Tropical upper-tropospheric troughs (TUTTs), transient summertime disturbances over the Pacific and Atlantic Oceans, are also observed to frequently occur in the North American monsoon (NAM) region. However, unlike TUTTs over the Pacific and Atlantic, which feature a predominance of precipitation on the eastern flank of the disturbances, TUTTs in the NAM region have been shown to enhance precipitation on their western flank as they pass over the mountains of northern Mexico. To investigate this phenomenon, convection-permitting simulations are performed over the core NAM region for the 12–14 July 2004 TUTT event that occurred during the North American Monsoon Experiment (NAME). The effects of the TUTT are isolated using an approach that removes the vorticity anomaly associated with it. Six simulations, three with the TUTT and three without it, are then executed.

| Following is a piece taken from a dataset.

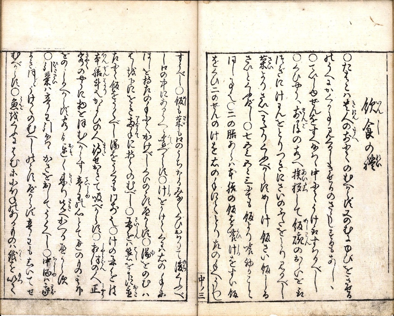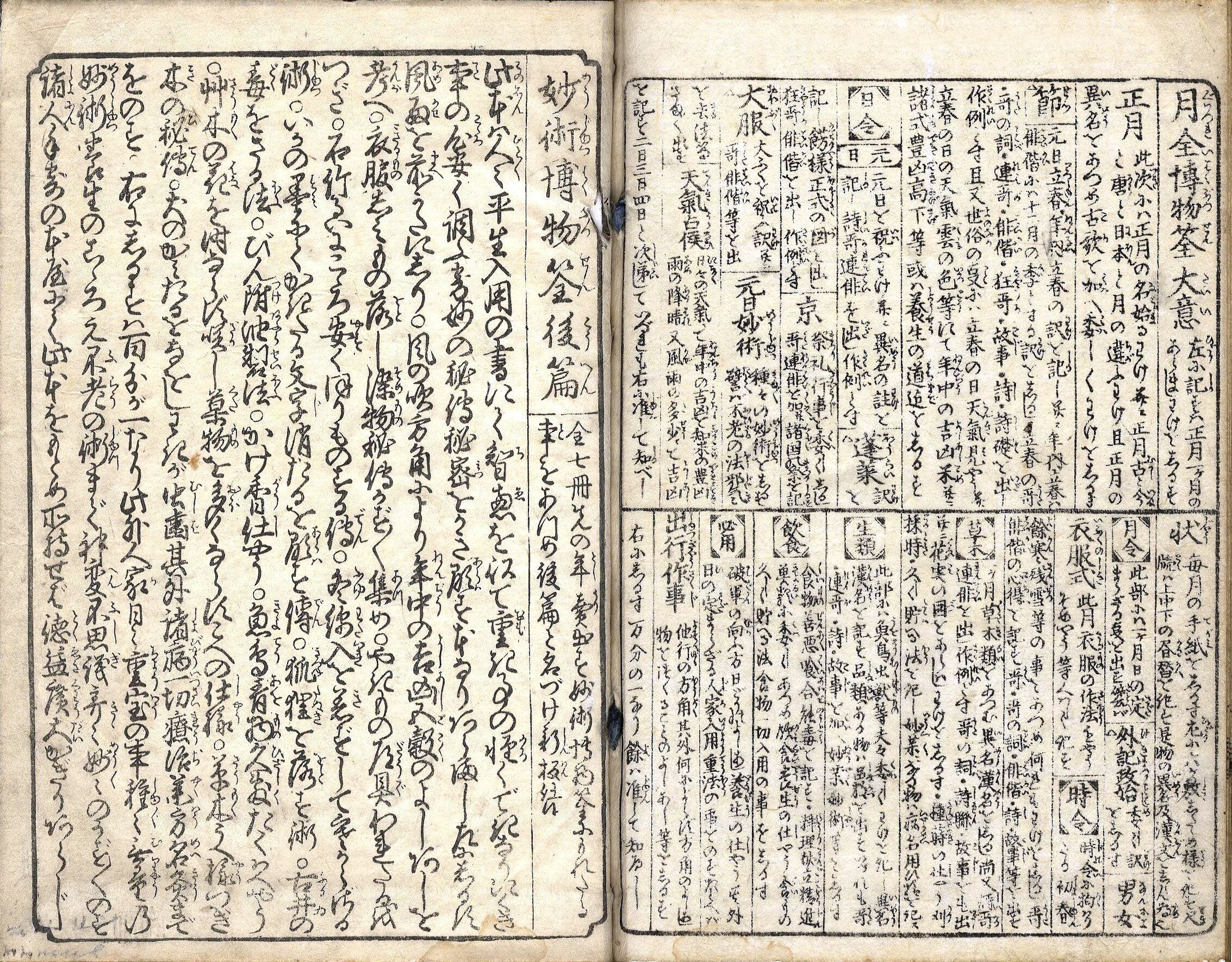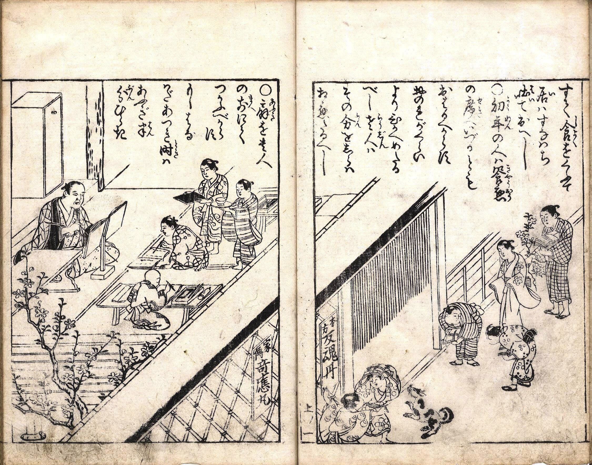 【備考】分類「往来物」。宝暦6年頃刊『絵本諸礼訓』(鳥飼酔雅編、月岡丹下(馬渕丹下)画)、明和8年刊『〈人間〉記憶秘法』(久保田雲亭編)、寛政8年刊『状文章』(書台閣編、鈴木忠侯書)の板木を集めて一冊とした教訓書。全5章から成り、第1章「諸礼の次第」と第2章「当流躾方」はもと『絵本諸礼訓』で、「路次(みち)・座敷贈答(おくりこたえ)の礼」「饗応亭主心得之事」「通(かよい)乃次第」「喫茶の礼(せんじちゃのむれい)」「飲食(いんしい)の礼」「盃乃礼之事」「元服乃礼」「当流躾方五十箇条」の諸礼を挿絵を交え簡潔に説く。第3章「物覚能成伝(ものおぼえよくなるでん)」はもと『〈人間〉記憶秘法』で、呉門先生相伝の暗記法である「記憶伝」「擬託法」「種子法」「種子図」「器物験証」「心法」「無形(むぎょう)・有形(うぎょう)」「繁文」「源氏験証」「限法」「惣論」「万象記認法(ものみしりのほう)」の12項について述べる。第4章「かな文章」と第5章「用文章」はいずれも『状文章』相当部分で、前者(頭書)の前半「かな文章」は各月毎の往復24通の消息文例、後半「ちらし書文章」は3段・5段・7段各様の散らし書き文例を収録する。一方後者は『状文章』の本文で、「年始之状」以下各月往復文24通と移徙・元服・安産・振舞・餞別の祝儀状5通の合計29通を収録する。以上のように総合的だが通俗的な礼法書である。なお、『絵本諸礼訓』に『絵本岩手山』『絵本言葉花』『素室小諷』を合わせて5冊本とした『諸礼教訓文庫』が明和4年頃、大阪書肆・吉文字屋市兵衛から刊行された。

It is found that the mean of the TUTT simulations has increased surface–500-hPa and 700–400-hPa shear and that there is incrementally more convective available potential energy (CAPE) along the Sierra Madre Occidental (SMO). These differences lead to convective changes, with the TUTT simulations having more convection, larger maximum updraft velocities, and more precipitation in lower elevations. Overall, the TUTT simulation mean has about 15% more precipitation during the primary period of TUTT interaction with the northern SMO. There are also slight simulated microphysical differences that agree with nearby polarimetric radar observations. Finally, TUTT removal impacts the gulf surge event on 13 July via the convective modifications.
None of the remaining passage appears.